Accurate freezing and melting equations for the Lennard-Jones system

TL;DR

This paper derives accurate analytical equations for the freezing and melting points of the Lennard-Jones system, based on approximate methods and known thermodynamic limits, matching simulation data well.

Contribution

It introduces a unified functional form for the freezing and melting equations of the Lennard-Jones system, determined by high-temperature and triple point data.

Findings

Equations accurately predict phase coexistence points.

Good agreement with numerical simulation data.

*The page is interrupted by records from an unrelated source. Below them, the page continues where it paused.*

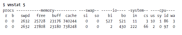 vmstat interval times 即每隔 interval 秒采样一次,共采样 times 次,如果省略 times,则一直采集数据,直到用户手动停止为止。简单举个例子:
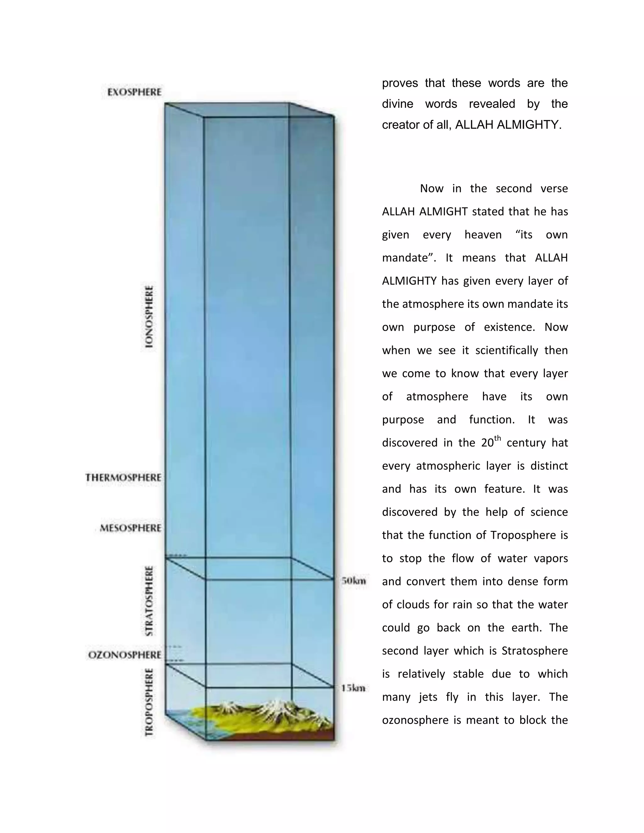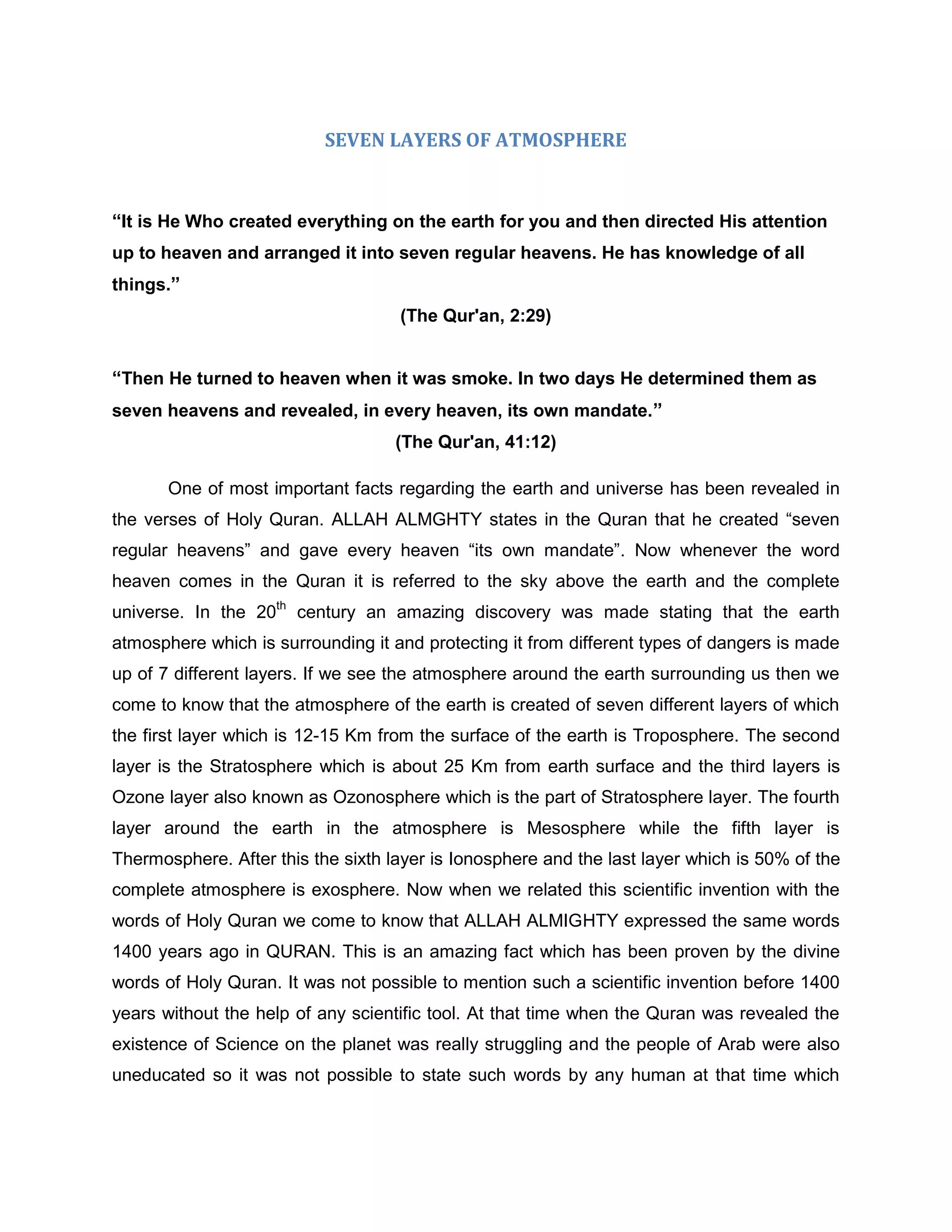 The document discusses how the Quran described the seven layers of the earth's atmosphere over 1400 years ago, long before the layers were discovered by science in the 20th century. The Quran states that Allah "created everything on the earth for you and then directed His attention up to heaven and arranged it into seven regular heavens" and that "He has knowledge of all things." It also says that Allah "turned to heaven when it was smoke. In two days He determined them as seven heavens and revealed, in every heaven, its own mandate." Modern science has since discovered that the earth's atmosphere is made up of seven distinct layers, each with its own purpose, matching what was described in the Quran. This shows that
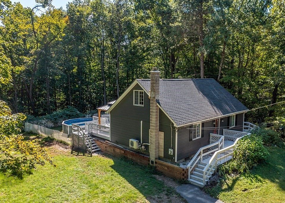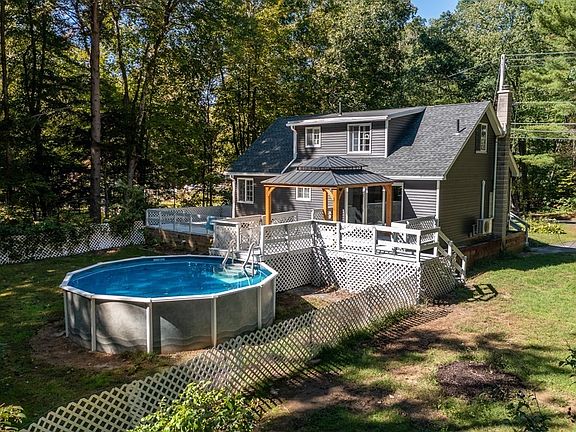 AFFORDABILITY AT ITS BEST in this bright and cheery Cape style home! Located on a private cleared lot, this cute property is nothing short of efficient with tons of updates and great outdoor space. The main living area offers an open layout allowing for lots of natural light. The living room provides a cozy pellet stove and a mini split for AC. You’ll love the spacious eat-in kitchen with appliances included, and sliding doors that lead to a huge backyard wraparound deck, canopy cover and new above-ground pool. Other newer items include vinyl siding, gutters, roof, windows, repointed chimney, stainless steel chimney liner, two mini-splits, interlock for generator and more! So much to offer for the price and just a short drive to downtown Easthampton and Northampton and just minutes away to all amenities and major routes. All that's left to do is move in - TOO GOOD TO LAST!
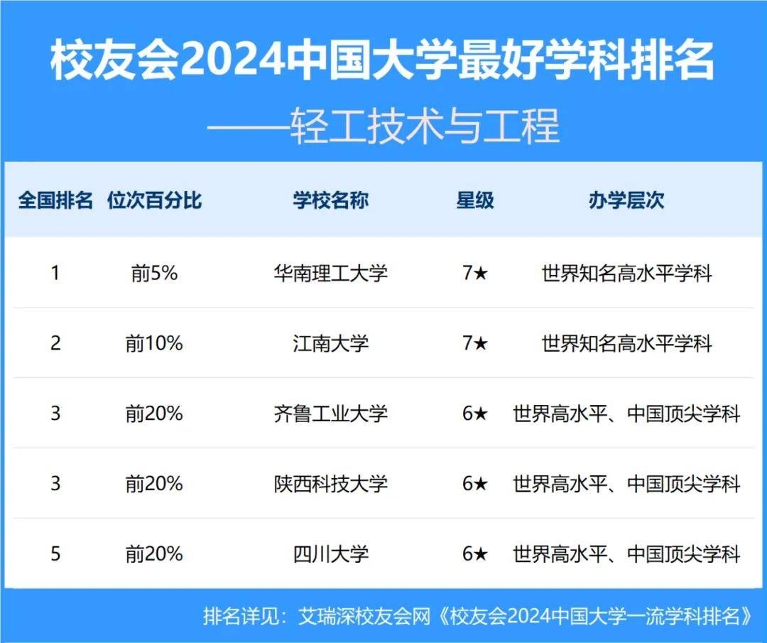 华南理工大学位居校友会2024中国最好学科排名(轻工技术与工程)第一

Functional dependence of temperature on density established.

Abstract

Analyzing three approximate methods to locate liquid-solid coexistence in simple systems, an observation is made that all of them predict the same functional dependence of the temperature on density at freezing and melting of the conventional Lennard-Jones system. The emerging equations can be written as $T={\mathcal A}\rho^4+{\mathcal B}\rho^2$ in normalized units. We suggest to determine the values of the coefficients ${\mathcal A}$ at freezing and melting from the high-temperature limit, governed by the inverse twelfth power repulsive potential. The coefficients ${\mathcal B}$ can be determined from the triple point parameters of the LJ fluid. This produces freezing and melting equations which are exact in the high-temperature limit and at the triple point, and show remarkably good agreement with numerical simulation data in the intermediate region.